So here is a quick post on how to create a highly available with automatic failover Dynamic VPN in Azure. It can be either S2S (Site to Site) VPN between Azure and On-premises or a VNET to VNET.
Yeah it’s a mouthful :P.
Before we begin if you don’t know how to create a VPN in the Azure Resource manager interface check out the Microsoft post at: https://azure.microsoft.com/en-gb/documentation/articles/vpn-gateway-create-site-to-site-rm-powershell/. So if you ever wanted to have an automatic failover which protects against a vpn tunnel failure in Azure until now it was not possible, but Microsoft has recently introduced a new option when creating a VPN tunnel via powershell which gives us this ability. The property “-RoutingWeight” in the “New-AzureRmVirtualNetworkGatewayConnection” command gives us the ability to set which is the default route for an AddressPrefix. The lower the value of RoutingWeight the higher the priority (ie. 10 is greater than 20). The way this property works is if both tunnels are up the lower value tunnel will be used for that AddressPrefix but if it goes down the secondary tunnel will automatically be switch to as show below. Its important to note that in ARM mode we can create multiple local sites with the same AddressPrefix.

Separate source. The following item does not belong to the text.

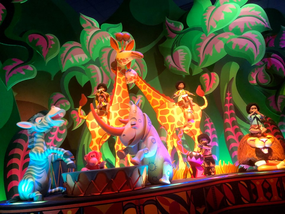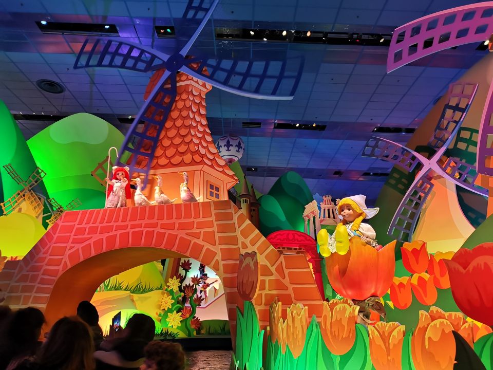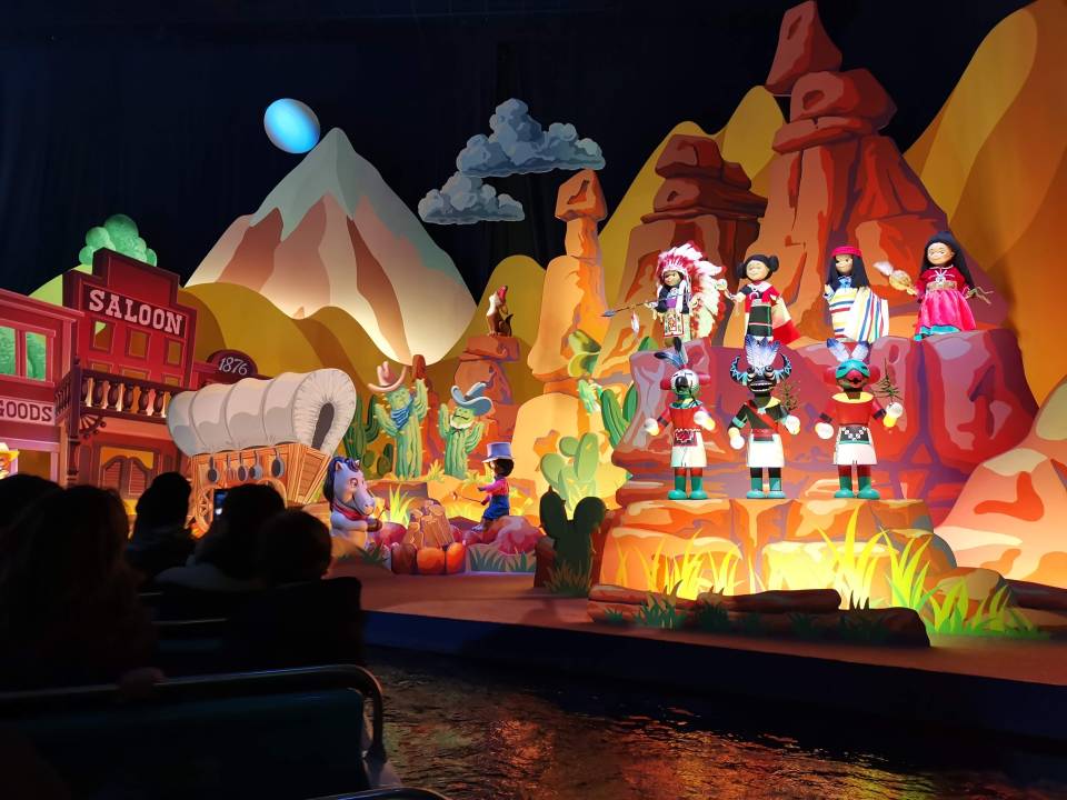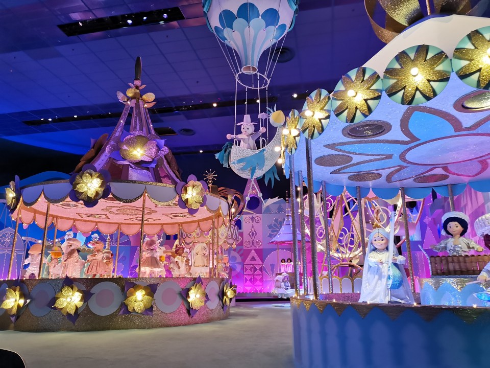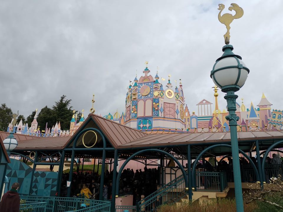 Changement de style avec It’s a small word situé dans Fantasyland. On prend place à bord de bateaux qui nous emmènent dans différents décors représentant les grandes régions du monde. Il y a environ 300 poupées animées, une cinquantaine de jouets et près de 250 accessoires animés.

So that was pretty easy but suppose we had multiple prefixes how would it work? Well think of RoutingWeight as firewall rules the lowest one is evaluated first and if the AddressPrefix matches the tunnel is used and processing stop if not continues to the next. As show below on the left we can see how this applies to VNET-VNET VPN tunnels between Azure networks. On the right we see what happens to the traffic when Gateway2 goes down, obviously the traffic for Gateway2 will be dropped as there is no alternative but the connection between Gateway1 and Gateway4 is re-routed automatically.
Unfortunately this type of automatic failover is not full proof as it’s not aware of the links down the line. Let me try and explain this with the diagram below and the following description. Let’s say Gateway2 is up but for some reason only the tunnel between it and Gateway4 is down. Now Gateway4 will follow it’s rules and it will failover traffic for Gateway1 to the alternative but it will termite traffic for Gateway2, with me so far? However while traffic on it’s way from Gateway4 to Gatewy1 will go the correct way, any traffic coming back from Gateway1 to Gateway4 will be send to Gateway2 as it’s not aware of the tunnel problem down the line, which in turn means that packets will be dropped at Gateway2 and communication between Gateway1 and Gateway4 will fail.